The women emerged from Well’s Fargo after what seemed like an hour. One held her bank reciept aloft. The crowd cheered again. Then, we were directed to march across the street to Bank of America whose funds also go to the DAPL.

You can’t drink oil. Keep it in the soil!

Bank of America is my bank. I’ve had been considering switching banks, but hadn’t yet done more than research. When we reached the bank, they asked, “Who is ready to divest?” I raised my hand and so did one other woman. “Let’s get you inside!” she declared. It was then I remembered my forgotten wallet. “Actually, I don’t have my wallet today. I feel really dumb,” I admitted before the crowd. We sent the other woman in alone and I held her bullhorn for her in a silent apology for my uselessness. Unlike Well’s Fargo, Bank of America gave its customer no trouble, perhaps because we hadn’t been causing trouble at their door for the last two hours. She was in and out in five minutes, announcing “They take your money fast, but they give it back just as quick.”

A building with a long banner reading "Divest No DAPL" hanging from the roof
The DIVEST banner hanging from Well’s Fargo

The march continued. We moved to the sidewalk across from Well’s Fargo. When we approached, we saw that someone had unfurled a banner heralding the cause: “DIVEST No DAPL.” Then the marchers grew truly excited. “We have support on the inside!” they hollered.

I decided that was a good time for me to leave.

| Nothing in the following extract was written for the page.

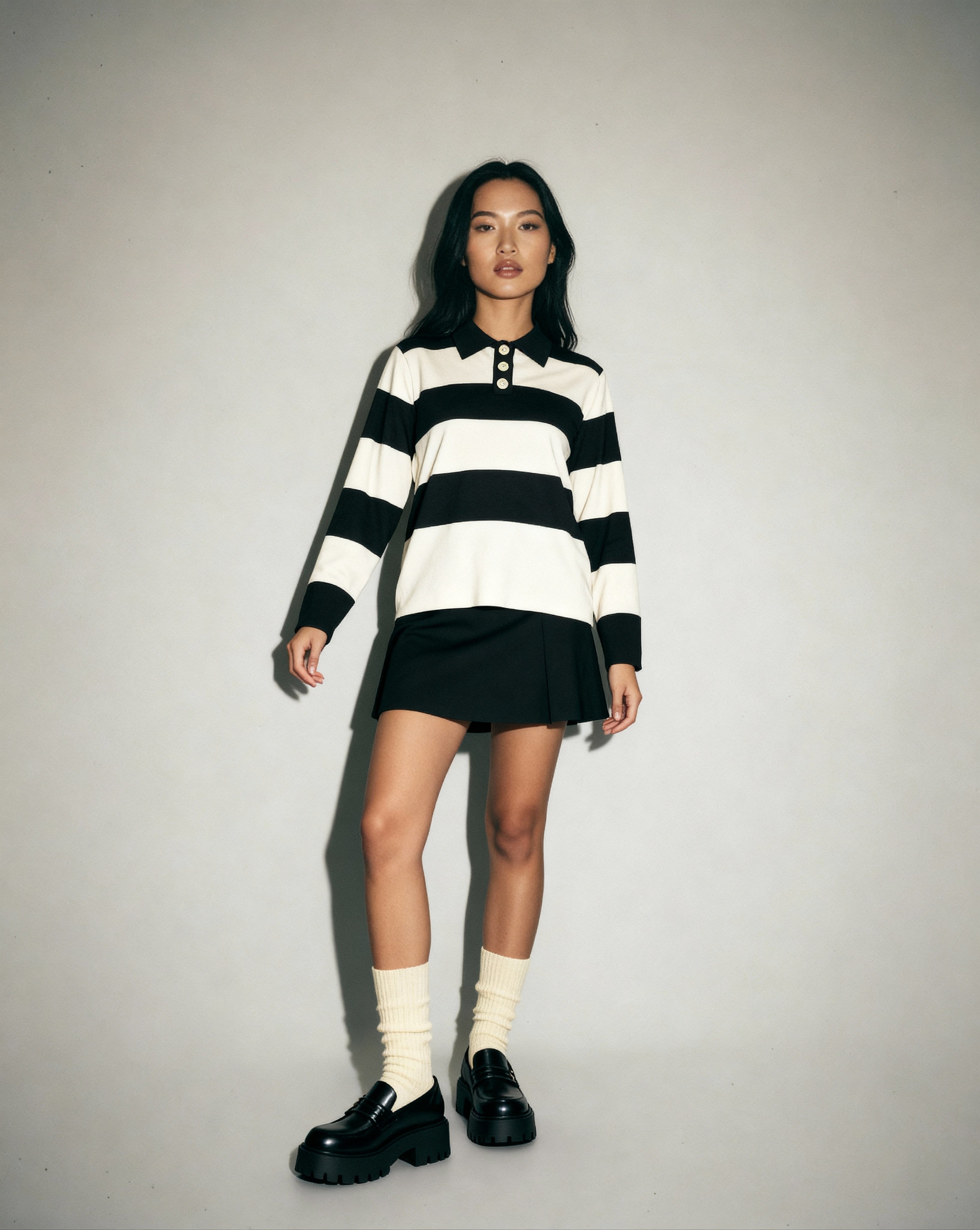 This striped ribbed knit rugby sweater blends sporty style with cozy comfort. Made from a soft viscose-blend fabric, it features bold black and cream stripes, a collared neckline, and a relaxed fit.

This was an interesting experience. I knew it wasn’t going to be anything like the Women’s March, which was huge and had no trouble with the police. I didn’t know what to expect but it was great to feel like I was accomplishing something. I would think that 50 or 75 or however many people showed up does not look like much to a bank like Well’s Fargo, but the people inside sure looked worried. Only three people closed bank accounts that day, but I wonder if anyone else was influenced to take their business elsewhere. Just participating in this processed pushed me from “This is something I’m seriously considering” to “This is something I need to do right now.”

In fact, I’ve already started divesting myself from Bank of America. I’ve been talking to other people about ditching their bank. My sister said she would look at moving her direct deposit to her credit union account. My boyfriend is thinking it over too. These are small changes. I’m one person with less than $10,000 in my accounts. I would like to believe that these small actions are adding up. I went to the protest thanks to a small action. I saw that a friend was interested in going on Facebook and I decided that I should go. That’s why I have decided to write about the experience. I will also write about my experience of getting a new bank account after that is finished.

It seems like so much is happening so quickly right now, but all these current events are the culmination of years of work by right-wing jerks to dismantle what I consider to be civilized society. Let’s all take some small actions and get out of our comfort zones. We’re going to need all the help we can get.